Secure multi-party computation (MPC) is a fundamental problem in secure distributed computing. An MPC protocol allows a set of n mutually distrusting parties with private inputs to securely compute any publicly known function of their inputs, by keeping their respective inputs as private as possible. While several works in the past have addressed the problem of designing communication-efficient MPC protocols in the synchronous communication setting, not much attention has been paid to the design of efficient MPC protocols in the asynchronous communication setting. In this work, we focus on the design of efficient asynchronous MPC (AMPC) protocol with statistical security, tolerating a computationally unbounded adversary, capable of corrupting up to t parties out of the n parties. The seminal work of Ben-Or, Kelmer and Rabin (PODC 1994) and later Abraham, Dolev and Stern (PODC 2020) showed that the optimal resilience for statistically secure AMPC is \(t < n/3\). Unfortunately, the communication complexity of the protocol presented by Ben-Or et al. is significantly high, where the communication complexity per multiplication is \(\Omega (n^{13} \kappa ^2 \log n)\) bits (where \(\kappa \) is the statistical-security parameter). To the best of our knowledge, no work has addressed the problem of improving the communication complexity of the protocol of Ben-Or et al. In this work, our main contributions are the following.

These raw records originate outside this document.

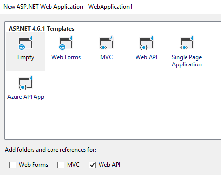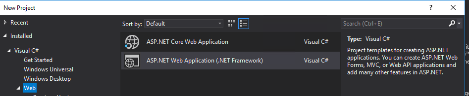 of project types to choose from, but the one we need is called ASP.NET Web Application:
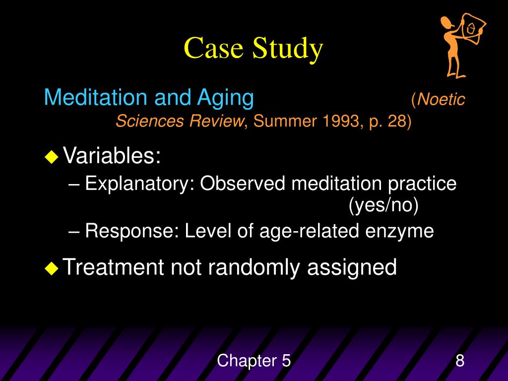 Case Study • Meditation and Aging (Noetic Sciences Review, Summer 1993, p. 28) • Variables: • Explanatory: Observed meditation practice (yes/no) • Response: Level of age-related enzyme • Treatment not randomly assigned Chapter 5
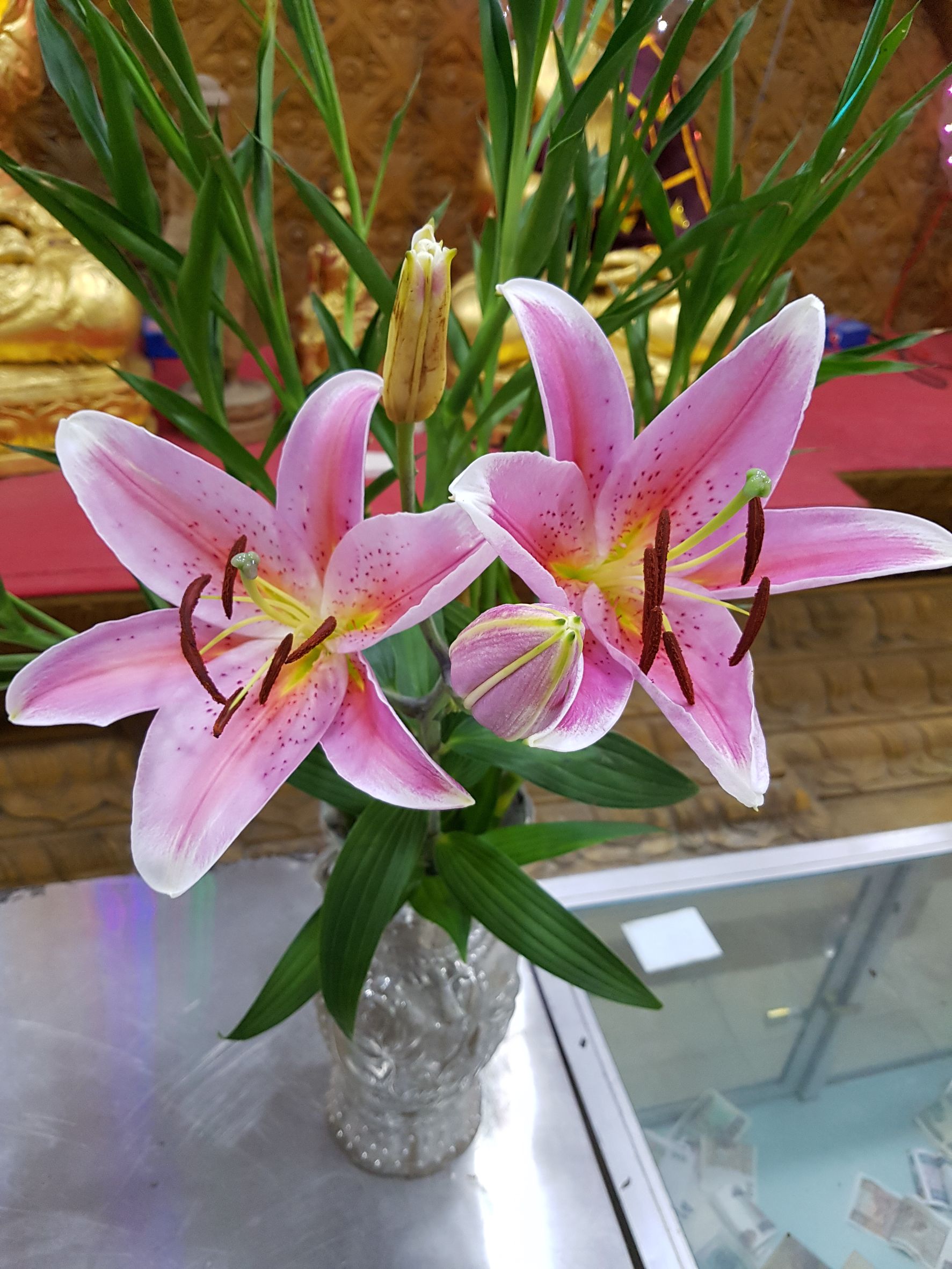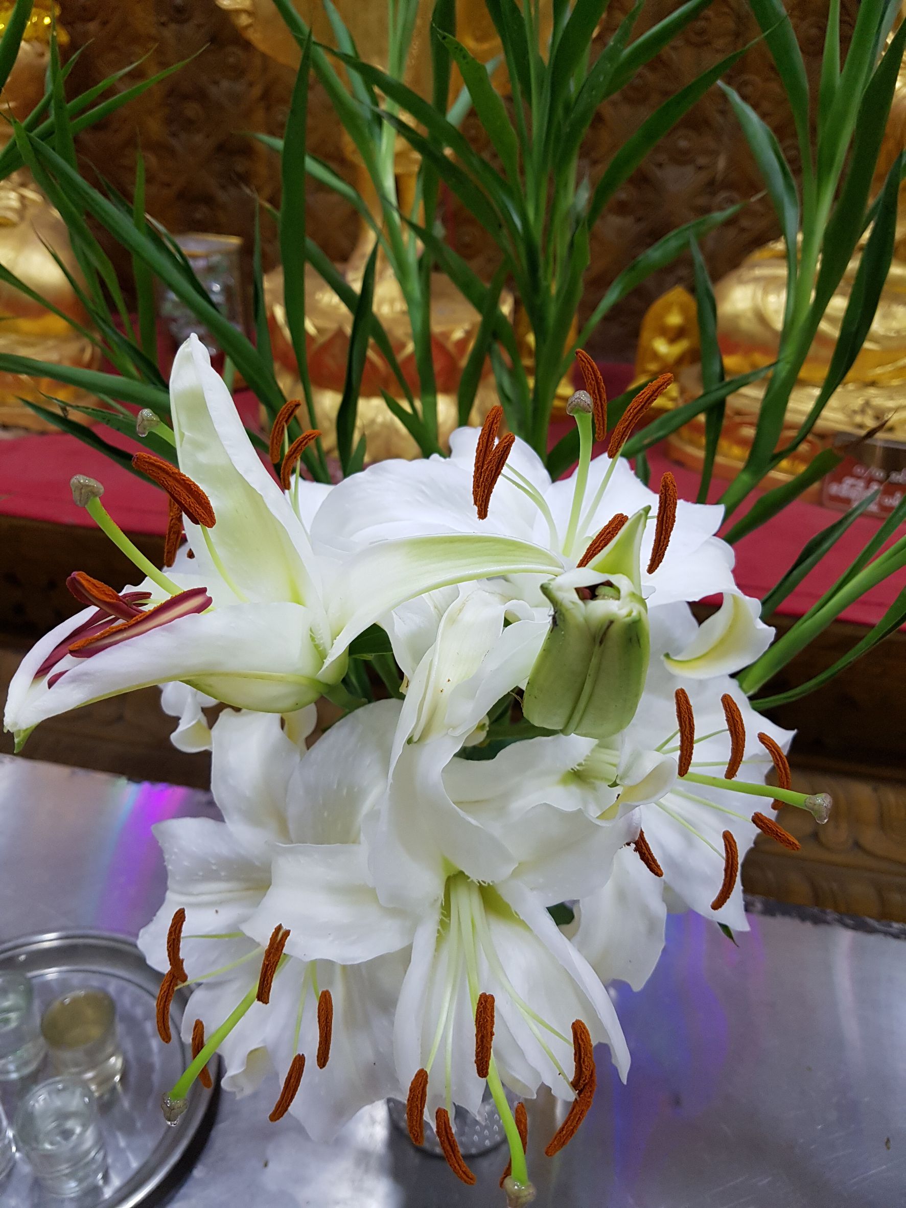 ดอกไม้สีสวยบูชาในบริเวณวัดพระนอน
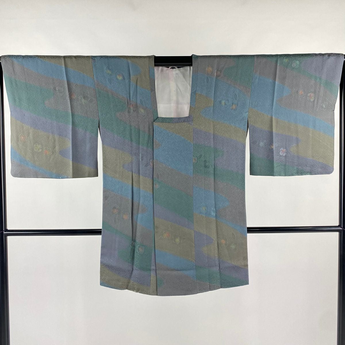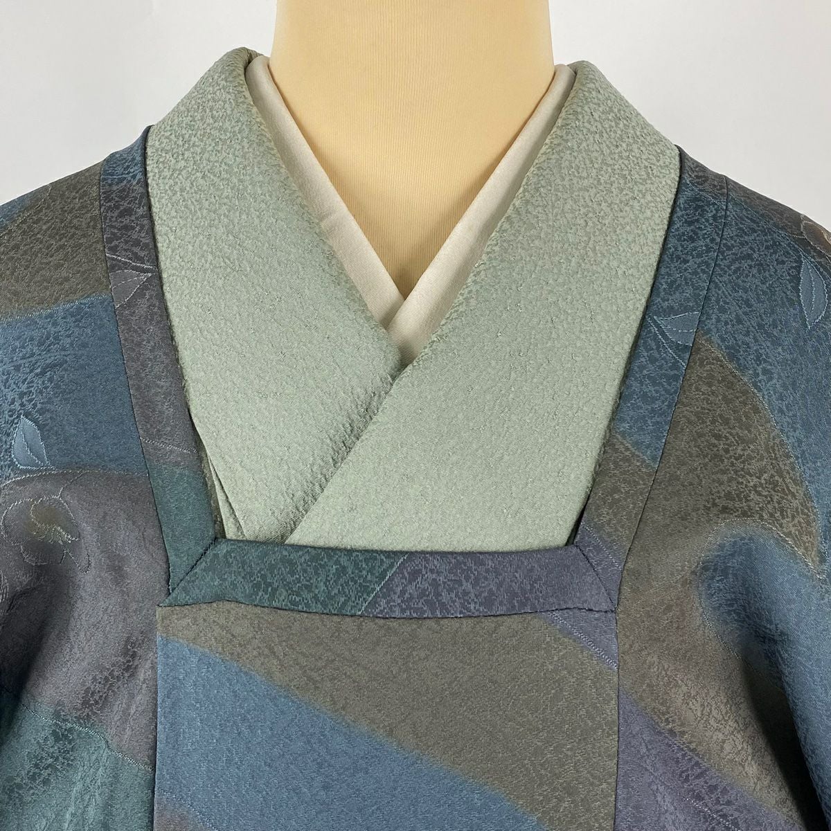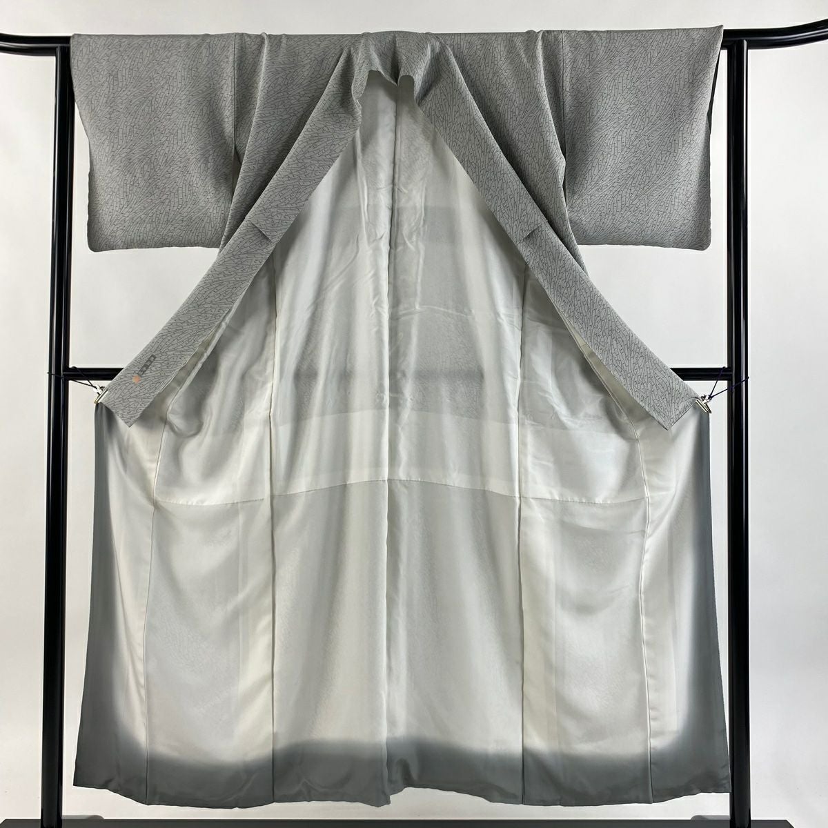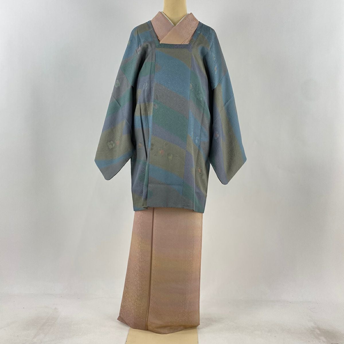 【在庫一掃】 訪問着 身丈160.5cm 裄丈63cm S 袷 草花 芝 ぼかし 灰緑 正絹 秀品 一つ紋

• We present a new statistically secure AMPC protocol with the optimal resilience \(t < n/3\), where the communication complexity is \(\mathcal {O}(n^4 \kappa )\) bits per multiplication. Apart from improving upon the communication complexity of the protocol of Ben-Or et al., our protocol is relatively simpler and based on very few sub-protocols, unlike the protocol of Ben-Or et al. which involves several layers of sub-protocols. A central component of our AMPC protocol is a new and simple protocol for verifiable asynchronous complete secret-sharing (ACSS), which is of independent interest.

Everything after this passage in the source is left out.